PROBLEM: Find the line with "अस्पताल परिसर में" in the data below. Repeat it and every line after it up to the end, exactly, but drop the pictures.
DATA EXCERPT START
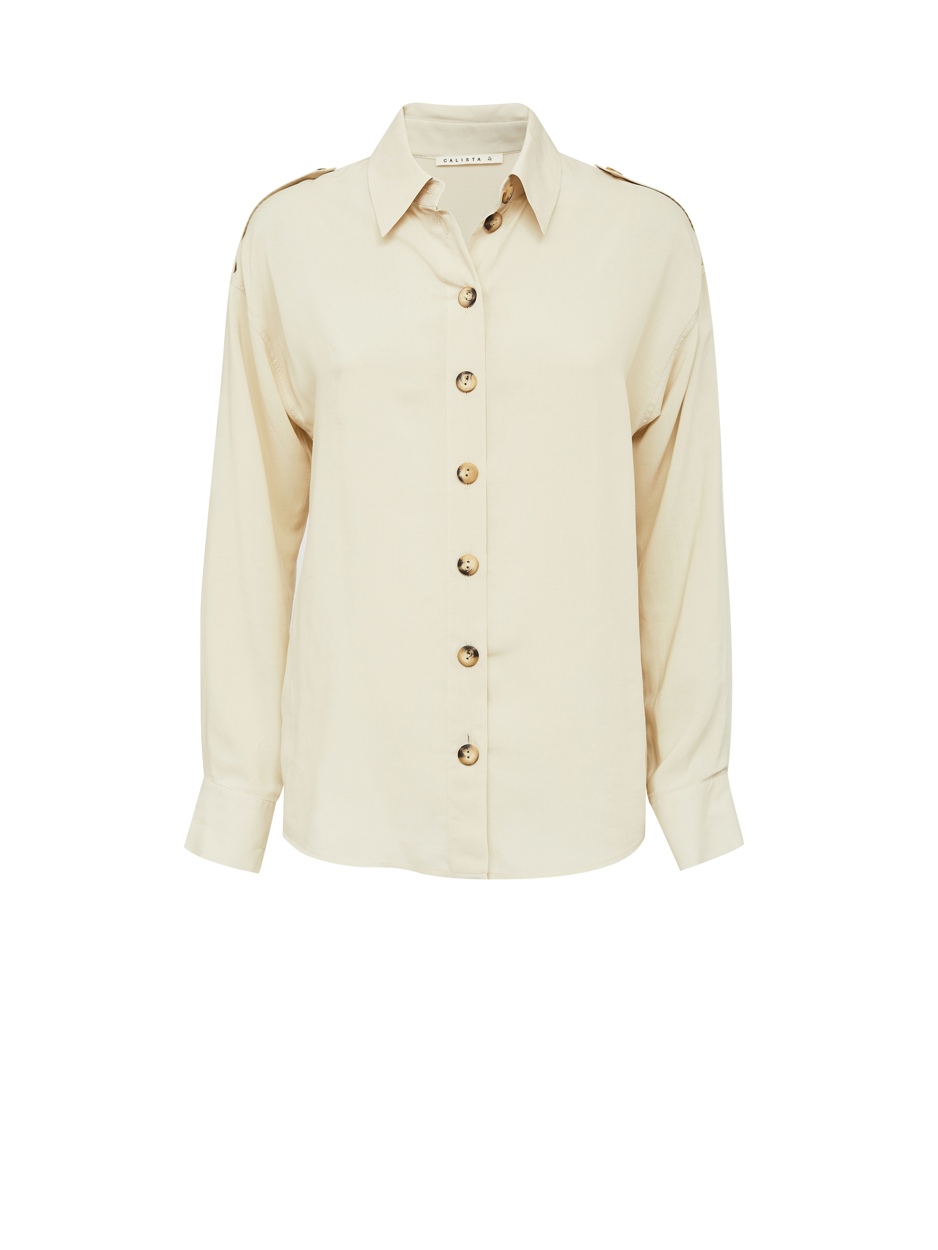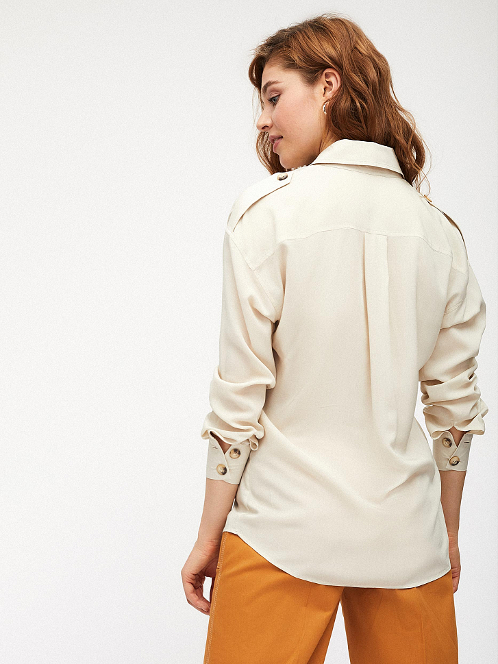 Свободная блуза рубашечного кроя, выполненная из 100% вискозы. Декоративные эполеты на пуговицах, классический отложной воротник. Застегивается на ряд контрастных пуговиц.
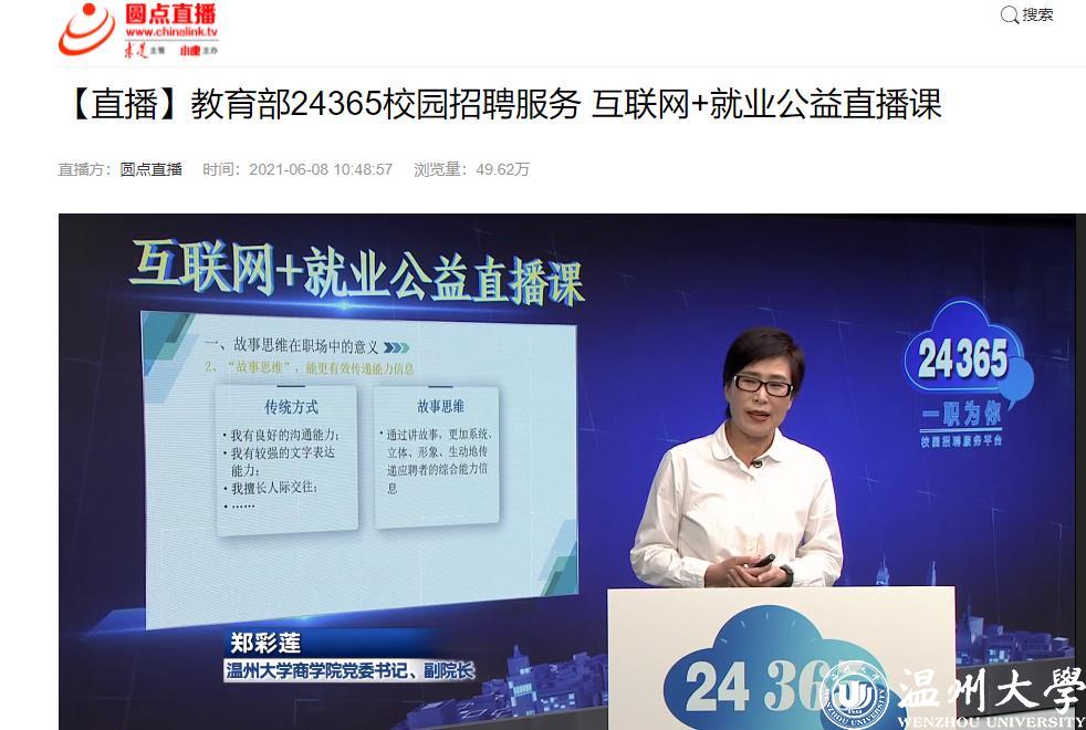 6月13日,我校郑彩莲教授受邀做客中国教育电视台,主讲“训练‘故事思维’·为职场赋能”教育部24365互联网+就业公益直播课。
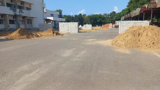 अस्पताल परिसर में सड़क पर ब्लॉक लगाने का कार्य।
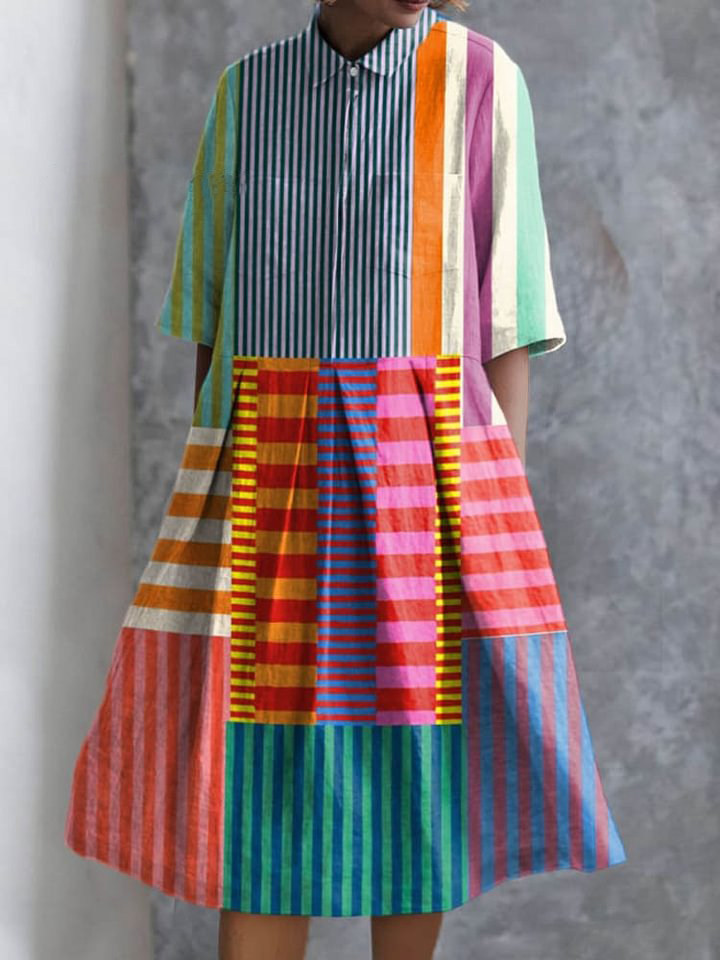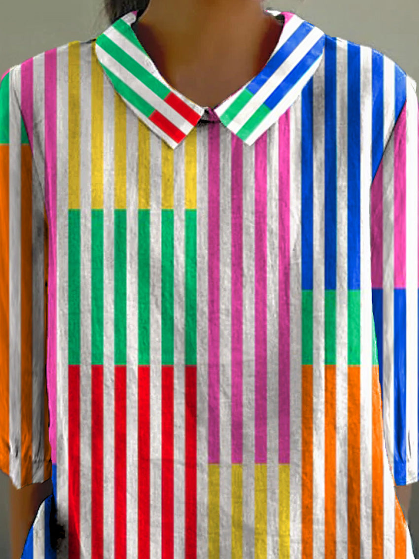 Colorful Geometric Strip Pattern Printed Women's Casual Cotton And Linen 3/4 Sleeve Shirt
DATA EXCERPT END
OUTPUT FOR THIS TASK:
 अस्पताल परिसर में सड़क पर ब्लॉक लगाने का कार्य।
 Colorful Geometric Strip Pattern Printed Women's Casual Cotton And Linen 3/4 Sleeve Shirt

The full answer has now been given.